Affiliate links are provided for your convenience and to help mitigate running costs.

Thursday, 10 August 2023

Absalom

Wyrd Britain reviews the 2000AD story Absalom written by Gordon Rennie with art by Tiernen Trevallio.
Spinning off from the 2000AD series Caballistics, Inc - which happily got a 'complete' story reissue recently - Absalom is the story of Inspector Harry Absalom who polices the agreement between the respective ruling powers of Britain and Hell known as 'The Accord' and he's not entirely happy about it.

For Caballistics, Inc. writer and artist Gordon Rennie and Dom Reardon created a recognisably current shared world setting where characters and events we know from core Wyrd Britain texts such as Quatermass and the Pit and the formative eras of Doctor Who were canon. In Absalom, Rennie along with artist Tiernen Trevallio, further developed this world adding some venerable British cops including Harry Trout from the Dr Phibes movies and the tea loving Inspector Calhoun from Death Line to the story world.

The story of Harry and his associates ran between 2011 and 2019 in the comic and has since been reprinted in three collections that tell of the ups and downs of supernatural coppering alongside the slowly building story of Harry's bigger plans; a distinctly personal quest.
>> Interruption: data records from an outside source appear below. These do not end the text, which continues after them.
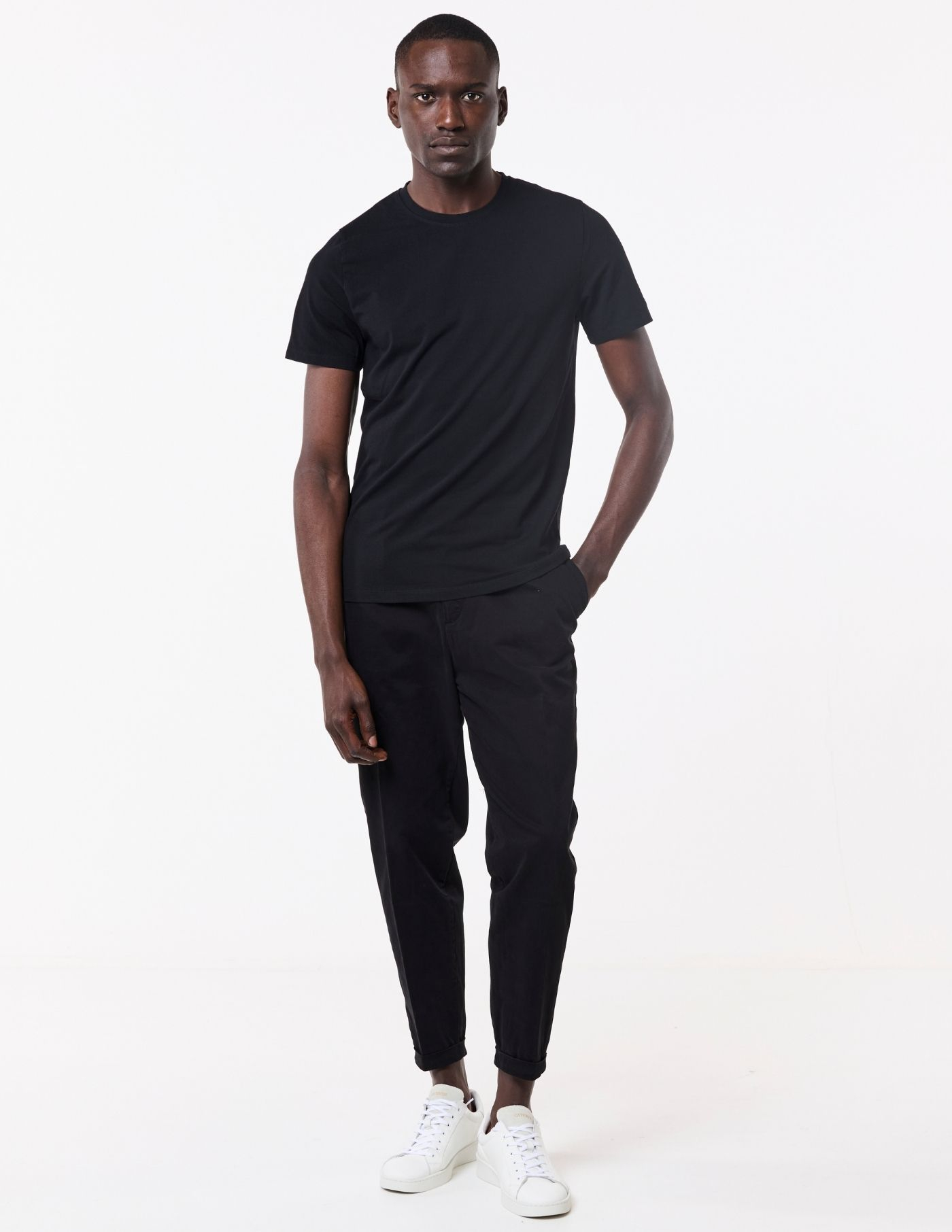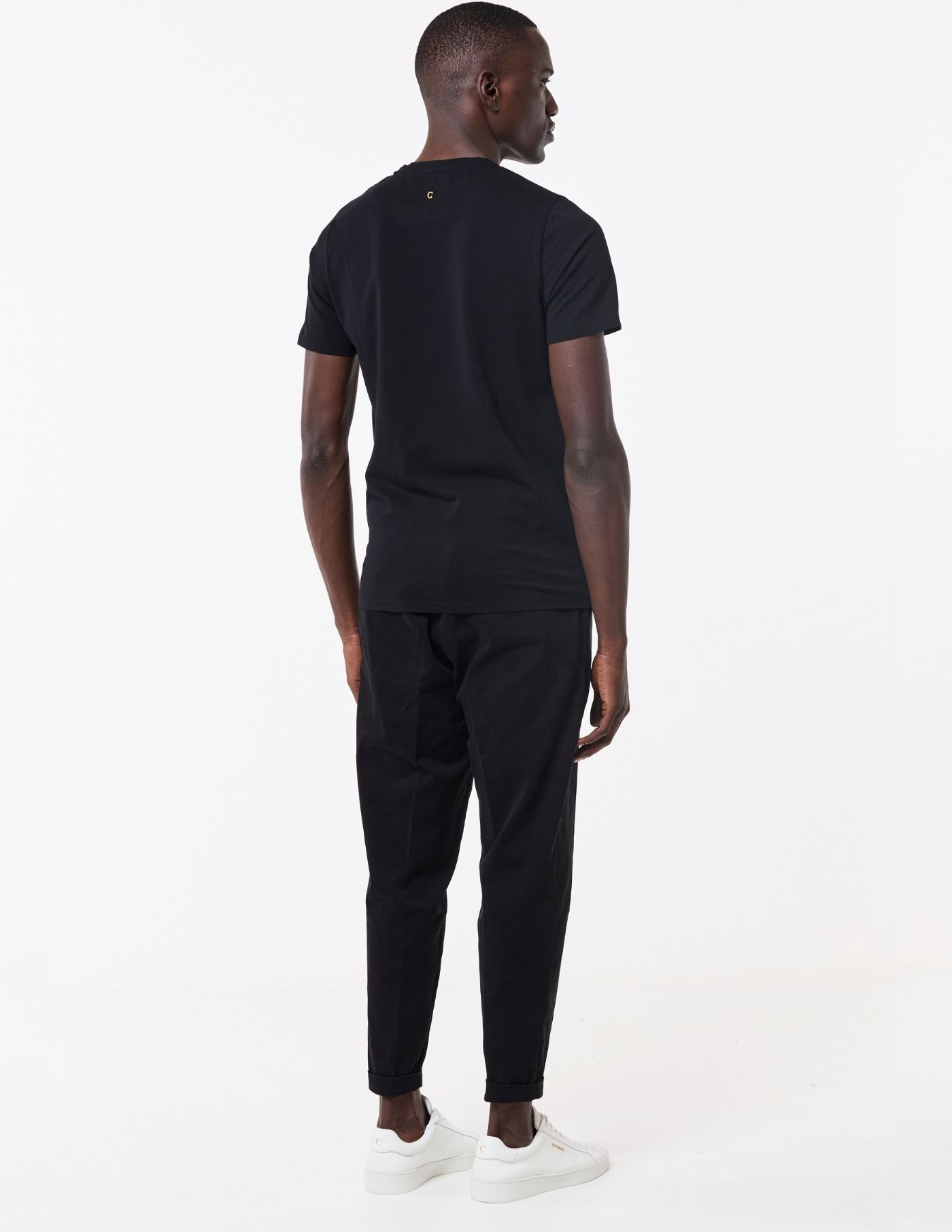 T-shirt preta lisa, produzida com uma mistura de algodão e elastano,que garante máximo conforto, liberdade de movimentos, e durabilidade de cor após as lavagens. A matéria prima é leve e fresca, contém alguma elasticidade e o seu toque suave transmite a elegância necessária para o teu dia a dia.
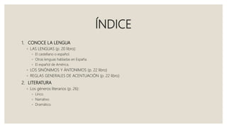 Este documento presenta información sobre el tema de lengua y literatura. Brevemente describe las diferentes lenguas habladas en España, incluyendo el castellano, y explica los principales géneros literarios como lírico, narrativo y dramático, dando ejemplos de cada uno. También incluye una sección sobre acentuación y normas generales de la lengua castellana.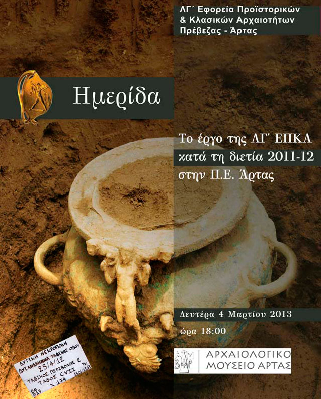 Ημερίδα για την παρουσίαση και προβολή στο κοινό των εργασιών που υλοποιήθηκαν τη διετία 2011-2012 στα όρια της Π.Ε. Άρτας, τόσο στο πλαίσιο συγχρηματοδοτούμενων από το ΕΣΠΑ έργων και υποέργων όσο και της ευρύτερης δράσης της ΛΓ’ Εφορείας Προϊστορικών και Κλασικών Αρχαιοτήτων.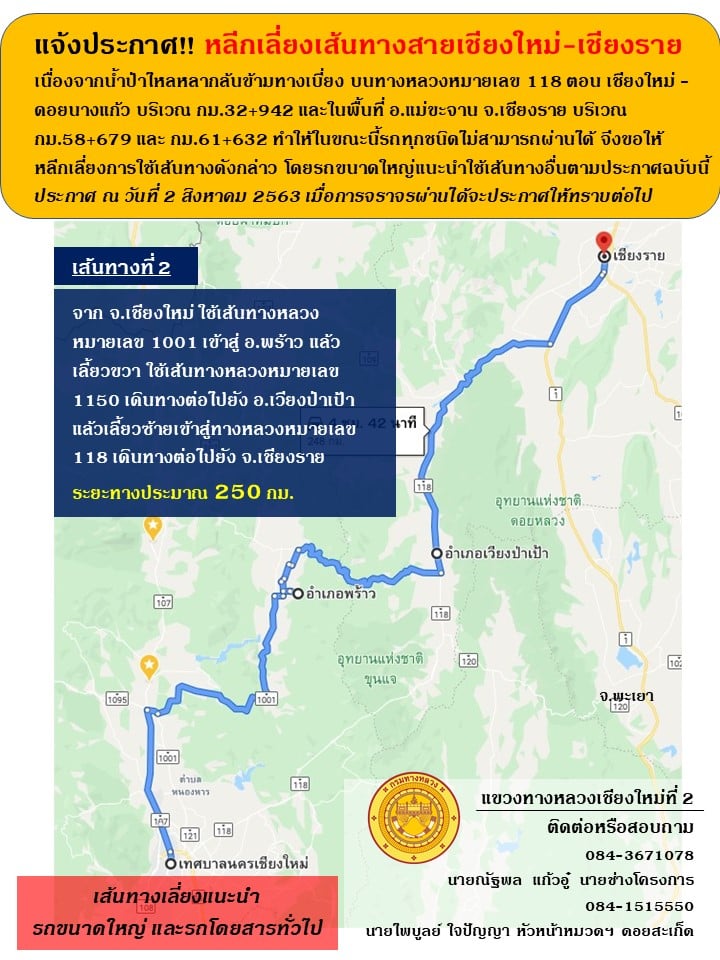 เนื่องจากน้ำป่าไหลหลากล้นข้ามทางเบี่ยง บนทางหลวงหมายเลข 118 ตอน เชียงใหม่ - ดอยนางแก้ว บริเวณ กม.32+942 และในพื้นที่ อ.แม่ขะจาน จ.เชียงราย บริเวณ กม.58+679 และ กม.61+632 ทำให้ในขณะนี้รถทุกชนิดไม่สามารถผ่านได้ จึงขอให้หลีกเลี่ยงการใช้เส้นทางดังกล่าว โดยรถขนาดใหญ่แนะนำใช้เส้นทางอื่นตามประกาศฉบับนี้

Harry is an old school 1970s style copper very much in the tradition of Regan and Carter, always ready with a handy quip, a well deserved slap or a pint down the boozer and with the proverbial heart of gold underneath his shabby trench coat.

"He's not so bad, once you get used to him, old Harry.  Actually, that's bollocks. He's a god awful old git most of the time but he'll never let you down."

Wyrd Britain reviews the 2000AD story Absalom written by Gordon Rennie with art by Tiernen Trevallio.
To keep him on the job he's been given a nasty form of cancer that is held in abeyance as long as he tows the magical line and which he deals with using an ever present hip flask filled with a heady mix of booze and laudanum.  Supporting him are an unlikely crew of coppers, spies, church sponsored vigilantes, vat grown homunculi, occultists, a psychic pavement artist and a partly mechanical - formerly demonically inclined - Victorian valet.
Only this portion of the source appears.